June 20, 2015, 9:30 am-2:30pm
Oldenburg Franciscan Center
Mining the Dark for Healing Gold: Writing About Difficult Relationships
Speaking openly about conflict-filled and wounding relationships is often such a frightening process that we avoid it at all costs. Yet by not articulating the conflict in these relationships, we deny ourselves access to the whole context of our lives and can’t live our present and future fully. Memoir writing and poetry offer us ways to speak truthfully, patiently, and compassionately about these relationships. When we use such forms of writing as a spiritual practice to acknowledge relationship wounds, we cultivate a profound healing. We cannot brave this mining of our lives, however, without guidance and support from others (therapists, pastors, spiritual directors, friends) aware of our writing journey, sensitive to the impact of trauma within personal relationships, and willing to walk alongside us, listening as we find words to speak what was unspeakable.
Indianapolis poets Norbert Krapf and Liza Hyatt have made such personal writing journeys. In Catholic Boy Blues: A Poet’s Journal of Healing, former Indiana Poet Laureate Norbert Krapf, at the age of seventy, speaks about his abuse as a child at the hands of a priest and the lifelong effects it has had on him, his family, and his loved ones. He speaks in four voices, the boy, the man, the priest, and Mr. Blues. In The Mother Poems – A Memoir: The Warrior Queen Novelist and Her Poet Daughter, Liza Hyatt, as she enters her 50’s, untangles her relationship with her mother, a powerful and inspiring figure also emotionally distant, critical, and unwilling to participate in the details of her children’s adult lives. The Mother Poems begins with Hyatt’s earliest memory of her mother and culminates in poems that give voice to the author’s grief after her mother’s death.

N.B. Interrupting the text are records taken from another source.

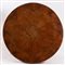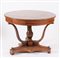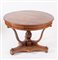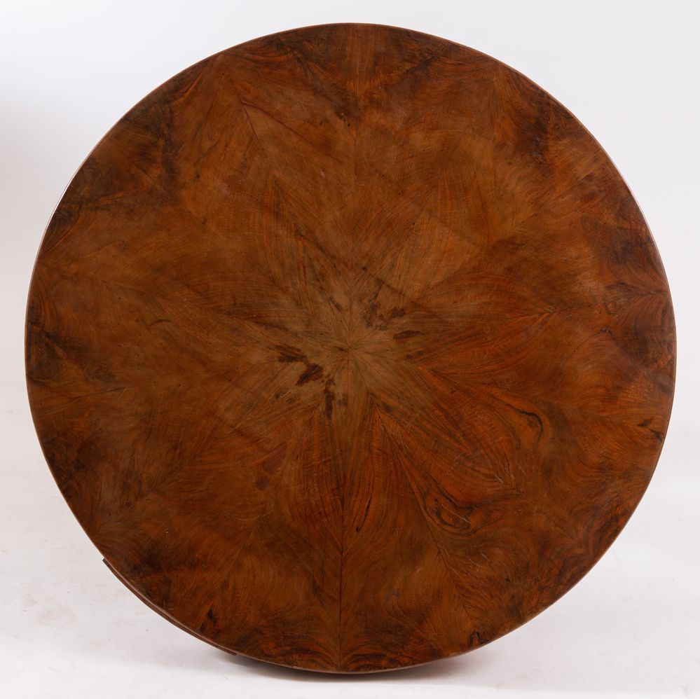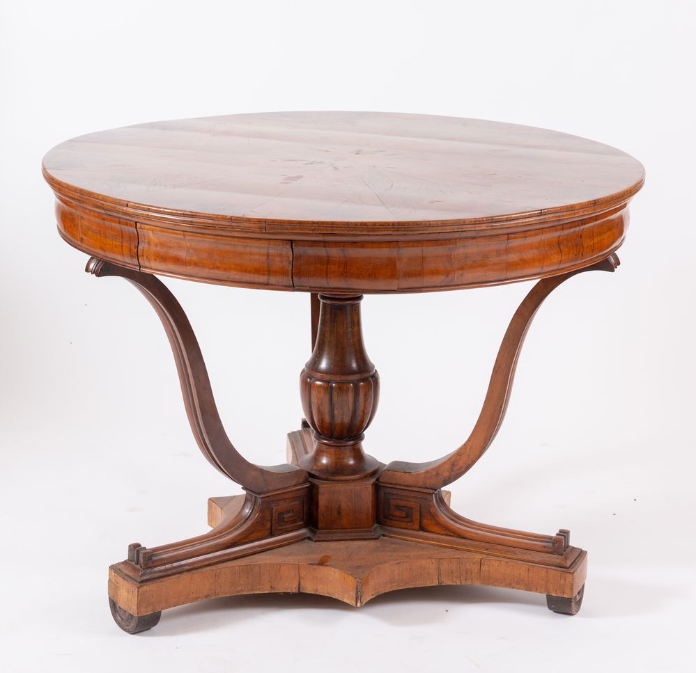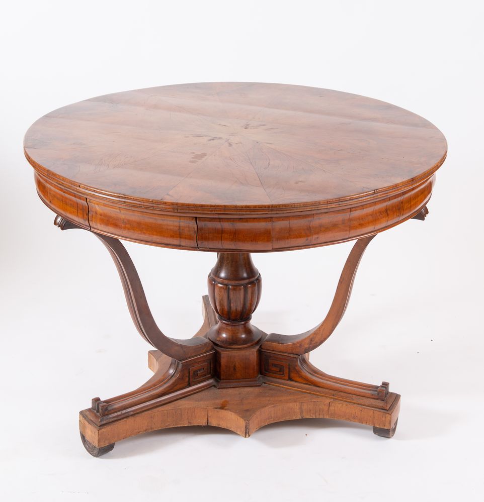 Tavolo da pranzo rotondo, lastronato in piuma noce. Sostegno a balaustra raccordato da tre sostegni ad S alla base. Emilia, metà del XIX secolo. Cm 78,5xØ60.
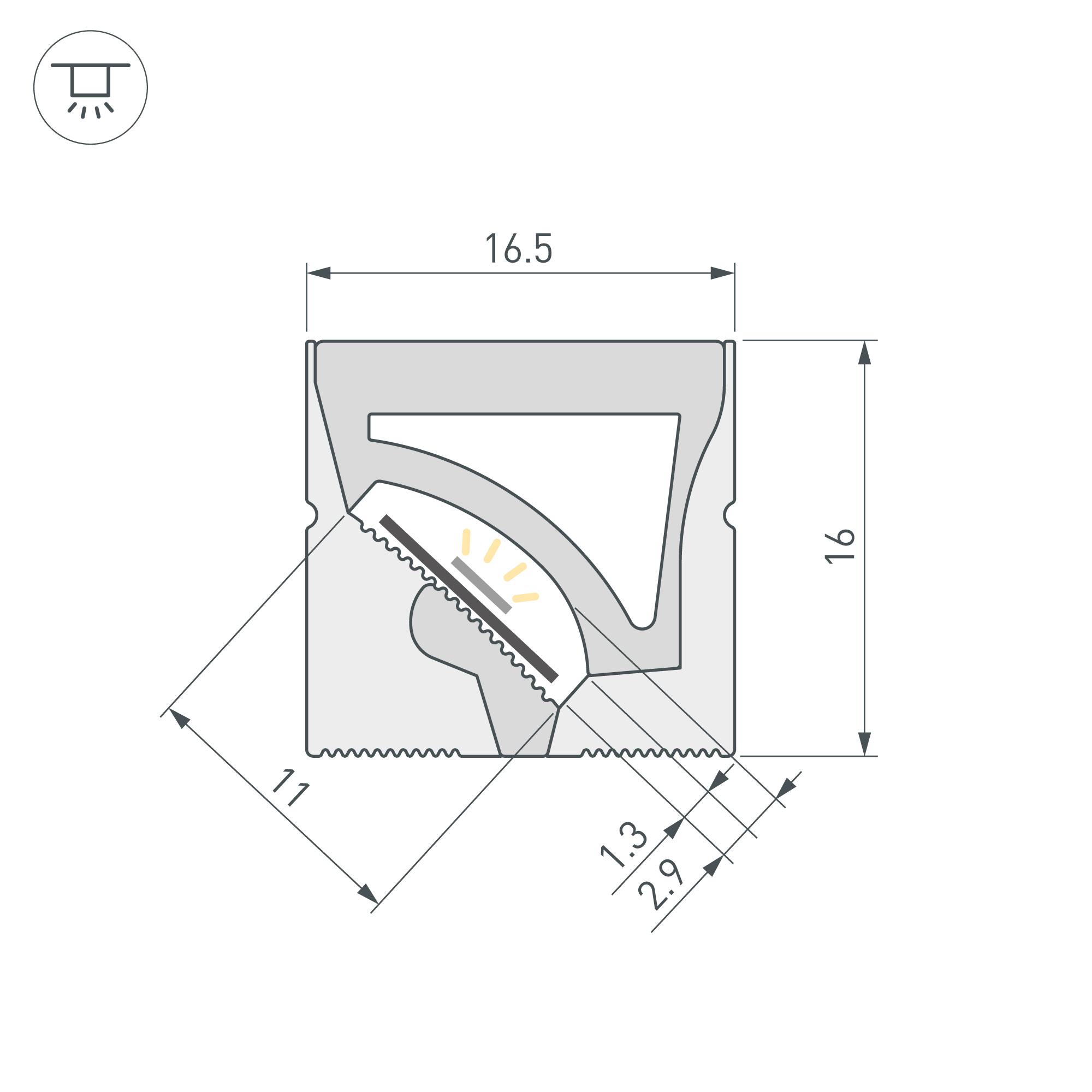 Цельнолитой силиконовый гибкий профиль белого цвета с УФ-защитой. Габаритные размеры профиля составляют 10000 мм в длину, 16 мм в ширину и 16 мм в высоту. Возможен изгиб как в вертикальной, так и в горизонтальной плоскости, а также изготовление скрученных форм TWIST. Вертикальный изгиб TOP, минимальный радиус изгиба 50 мм. Горизонтальный изгиб SIDE, минимальный радиус изгиба 200 мм. Угол излучения 115°. Для удобства установки ленты по всей длине профиля протянута нить. Площадка для установки светодиодных лент позволяет использовать ленту шириной 10 мм, высотой до 2,8 мм и мощностью до 10 Вт/м. Это обеспечивает гибкость в выборе светодиодных лент и создает потрясающие световые решения. Для установки во влажных помещениях необходима герметизация при помощи двухкомпонентного эпоксидного герметика. Класс пылевлагозащиты – IP65 (при соблюдении технологии герметизации). Этот продукт представляет отличное решение для создания современных световых проектов и обеспечивает надежную и стильную основу для установки светодиодов. Для накладного монтажа на 1 метр профиля рекомендуем использовать не менее 3-х держателей.
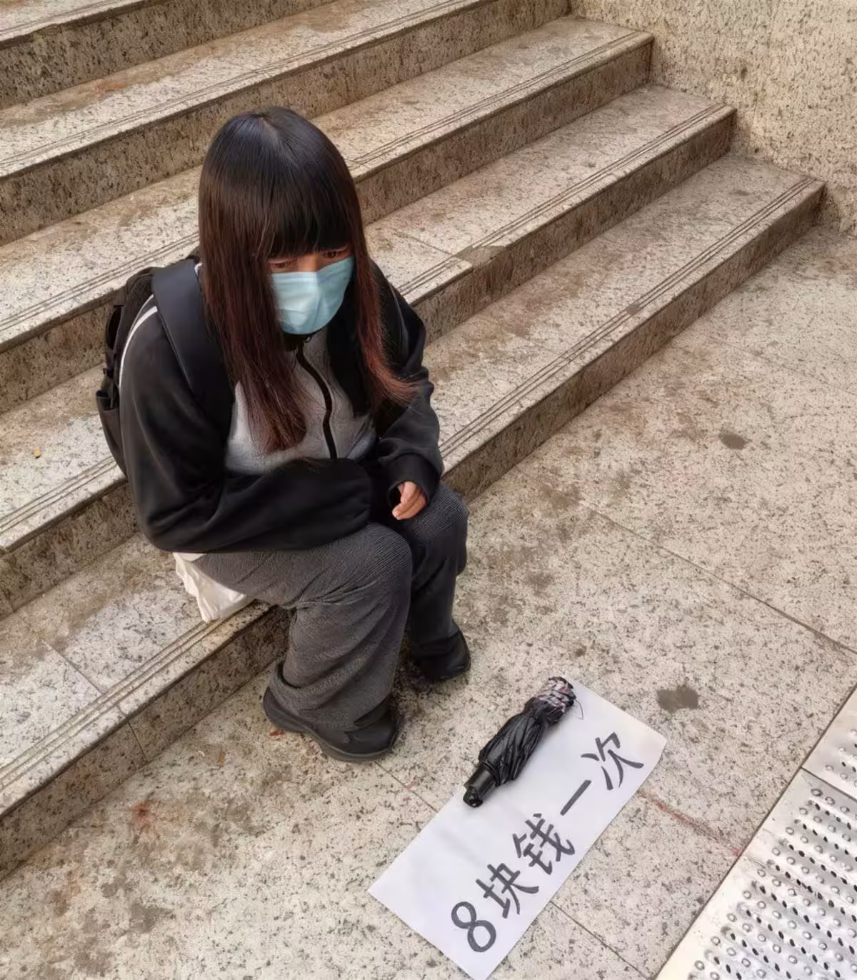 在城市中心的商業區露天樓梯口,一個戴藍色口罩的年輕女子坐在冰冷的花崗岩台階上。她面前擺著一張白紙,紙上「8塊錢一次」的黑色大字格外醒目,旁邊放著從未撐開的黑色雨傘。這種看似「租賃雨傘」的擺攤,實則是當下最新的乞討方式。

As writers who know the difficult terrain that must be traversed while writing such challenging poetic memoirs, Krapf and Hyatt have joined together as presenters. In Mining the Dark for Healing Gold, they read from their work, share the story of how they came to write their own healing memoirs, identify the social supports and creative practices which sustained their work, and engage participants in a discussion of emotions and memories evoked by hearing the authors’ poetry and stories. Hyatt, a licensed mental-health counselor and art therapist, will provide information about ways in which creative self-expression is instrumental in the healing of trauma. Both authors will guide participants in experiential writing activities through which participants can begin to write about their own complex relationship wounds and also develop skills to assist others who attempt such a challenging writing journey. During the workshop, participants may begin to write about a difficult relationship in poetry or prose (a letter, description of a memory or episode, character portrait, memoir chapter, free or formal verse, journal reflections, etc.).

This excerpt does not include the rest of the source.